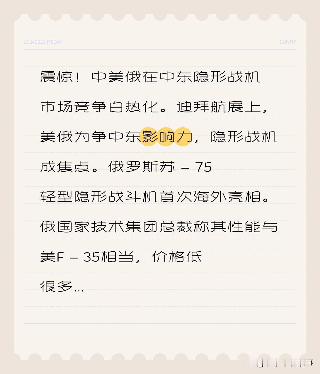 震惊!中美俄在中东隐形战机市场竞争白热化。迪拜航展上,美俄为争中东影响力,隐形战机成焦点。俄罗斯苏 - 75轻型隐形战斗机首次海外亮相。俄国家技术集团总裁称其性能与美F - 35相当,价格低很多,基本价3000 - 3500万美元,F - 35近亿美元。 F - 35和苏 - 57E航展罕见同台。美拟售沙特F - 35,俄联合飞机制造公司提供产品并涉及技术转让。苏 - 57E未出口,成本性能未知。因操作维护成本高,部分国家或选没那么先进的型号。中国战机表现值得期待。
--
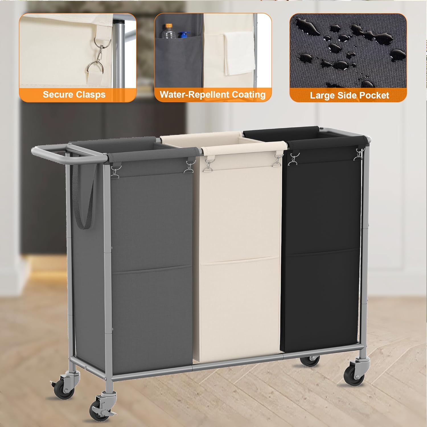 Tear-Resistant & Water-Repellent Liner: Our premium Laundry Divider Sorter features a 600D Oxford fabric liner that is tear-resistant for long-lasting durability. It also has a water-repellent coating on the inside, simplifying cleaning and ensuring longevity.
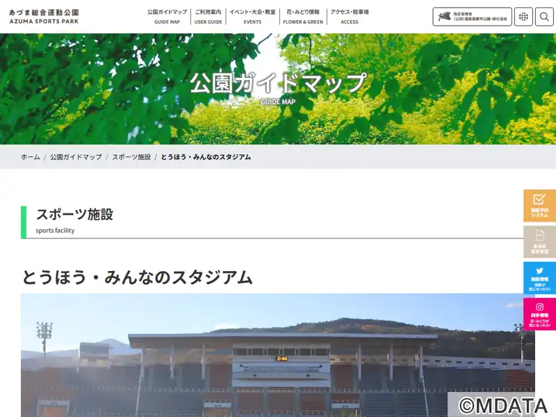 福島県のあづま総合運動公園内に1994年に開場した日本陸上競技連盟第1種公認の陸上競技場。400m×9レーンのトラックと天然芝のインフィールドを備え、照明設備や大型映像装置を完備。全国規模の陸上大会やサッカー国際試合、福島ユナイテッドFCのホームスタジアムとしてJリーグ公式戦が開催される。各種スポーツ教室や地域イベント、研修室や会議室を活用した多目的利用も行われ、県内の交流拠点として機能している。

TASK BRIEF: Starting at the line containing "Tear-Resistant & Water-Repellent" and stopping at the line containing "福島県のあづま総合運動公園内", output each line exactly as it appears above. Leave out the pictures.

REPLY TO THE TASK:
 Tear-Resistant & Water-Repellent Liner: Our premium Laundry Divider Sorter features a 600D Oxford fabric liner that is tear-resistant for long-lasting durability. It also has a water-repellent coating on the inside, simplifying cleaning and ensuring longevity.
 福島県のあづま総合運動公園内に1994年に開場した日本陸上競技連盟第1種公認の陸上競技場。400m×9レーンのトラックと天然芝のインフィールドを備え、照明設備や大型映像装置を完備。全国規模の陸上大会やサッカー国際試合、福島ユナイテッドFCのホームスタジアムとしてJリーグ公式戦が開催される。各種スポーツ教室や地域イベント、研修室や会議室を活用した多目的利用も行われ、県内の交流拠点として機能している。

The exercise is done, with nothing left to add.